*Your objective*: Starting at the first line of the records and stopping at the line that contains "Contra-ataque do Barcelona.", transcribe every line exactly and leave out the pictures.

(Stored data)
------------------------
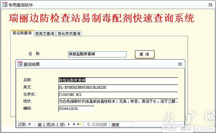 根據(jù)口岸查緝工作的需求,該系統(tǒng)共設(shè)定了按中、英文品名和化學(xué)分子式三個(gè)條件準(zhǔn)確查詢,同時(shí)考慮了因商品名稱變化而導(dǎo)致的無效查詢和錯(cuò)誤,增加模糊查詢功能,可在查詢中對(duì)近似品名的中、英文品名和化學(xué)分子式及性狀特點(diǎn)進(jìn)行列舉查詢,較好地解決了在口岸一線查緝工作人工查閱中、英文及化學(xué)分子式對(duì)照耗費(fèi)時(shí)間長、易出差錯(cuò)的問題。在該系統(tǒng)配發(fā)前臺(tái)使用后,口岸查緝效能得到了大幅提高。
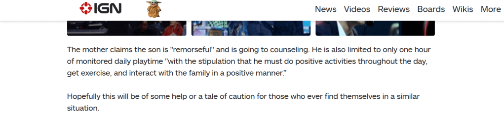 What I was pleased to see in the article is that the mother of the teenager is acting on the situation, has her son in counseling and is now taking a more proactive approach in monitoring how much time he spends playing video games. It can be very easy to criticize the mother in this situation but let’s be honest. Nobody is perfect and parents are not going to always notice everything going on with their children. Sometimes it will take a major event to happen in order to expose parents to what is truly going on.
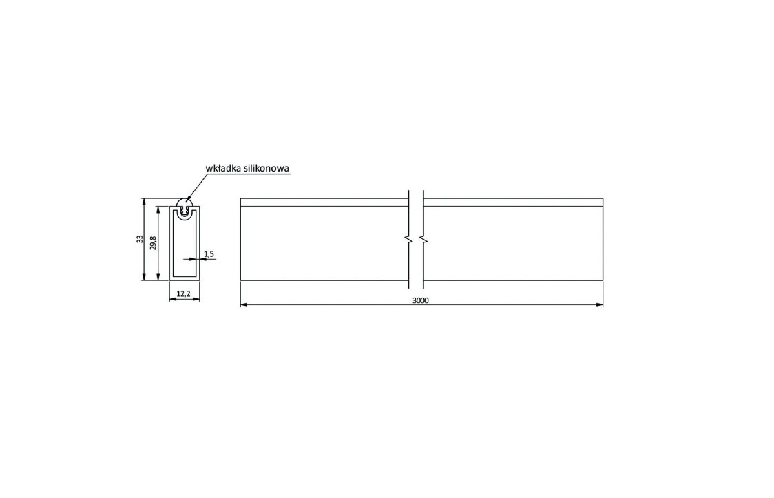 Штанга гардеробная прямоугольная с антискользящей вставкой, ЧЕРНАЯ WG-RRPSET-A-20M(продажа 1,5/3м.)
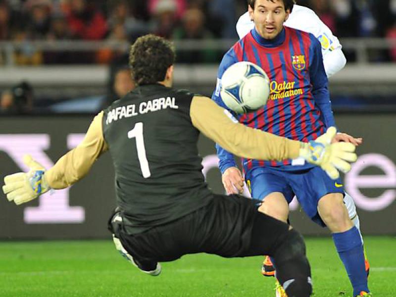 Contra-ataque do Barcelona. Daniel Alves acionou Messi na área, o argentino driblou Rafael e tocou para o gol vazio. Barcelona 4 x 0 Santos aos 37min.
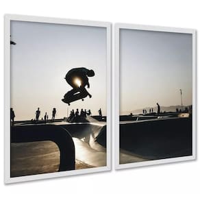 Kit 2 quadros skatista manobra aérea pista 33x24cm - com vidro Cor: moldura branca Informações do produto tire todas as suas dúvidas no descritivo abaixo: decoração para quarto, sala, cozinha, escritório, área gourmet e muito mais. Chega de paredes vazias medidas - cada peça tem 33x24cm a4 . Material do papel - papel fotográfico brilhante de altíssima resolução acabamento - todos os quadros são acompanhados de vidro para proteção da imagem. - moldura em madeira maciça na cor preta ou branca conforme produto escolhido e pendurador . - os quadros são embalados de forma segura com plástico bolha com camada dupla de acordo com o tamanho dos quadros. - de 3 meses. Meu quadro chegou. Como posso fixá-lo Você precisa apenas de um martelo e um prego, pois os quadros já vão acompanhados de penduradores. Esta é a forma mais indicada. Como posso limpar meu quadro A limpeza é feita como um móvel comum da sua casa. Apenas um pano seco ou espanador são suficientes para tal
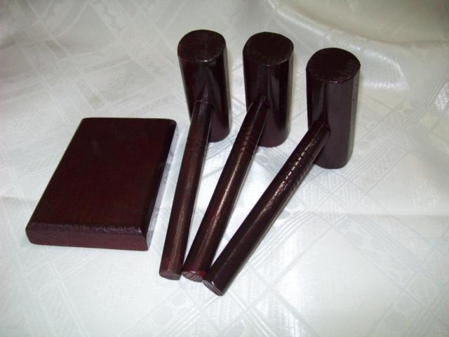 Juego de 3 malletes elaborados en mandera de pino, incluyen sus respectivas bases.
------------------------
*Response box*:
 根據(jù)口岸查緝工作的需求,該系統(tǒng)共設(shè)定了按中、英文品名和化學(xué)分子式三個(gè)條件準(zhǔn)確查詢,同時(shí)考慮了因商品名稱變化而導(dǎo)致的無效查詢和錯(cuò)誤,增加模糊查詢功能,可在查詢中對(duì)近似品名的中、英文品名和化學(xué)分子式及性狀特點(diǎn)進(jìn)行列舉查詢,較好地解決了在口岸一線查緝工作人工查閱中、英文及化學(xué)分子式對(duì)照耗費(fèi)時(shí)間長、易出差錯(cuò)的問題。在該系統(tǒng)配發(fā)前臺(tái)使用后,口岸查緝效能得到了大幅提高。
 What I was pleased to see in the article is that the mother of the teenager is acting on the situation, has her son in counseling and is now taking a more proactive approach in monitoring how much time he spends playing video games. It can be very easy to criticize the mother in this situation but let’s be honest. Nobody is perfect and parents are not going to always notice everything going on with their children. Sometimes it will take a major event to happen in order to expose parents to what is truly going on.
 Штанга гардеробная прямоугольная с антискользящей вставкой, ЧЕРНАЯ WG-RRPSET-A-20M(продажа 1,5/3м.)
 Contra-ataque do Barcelona. Daniel Alves acionou Messi na área, o argentino driblou Rafael e tocou para o gol vazio. Barcelona 4 x 0 Santos aos 37min.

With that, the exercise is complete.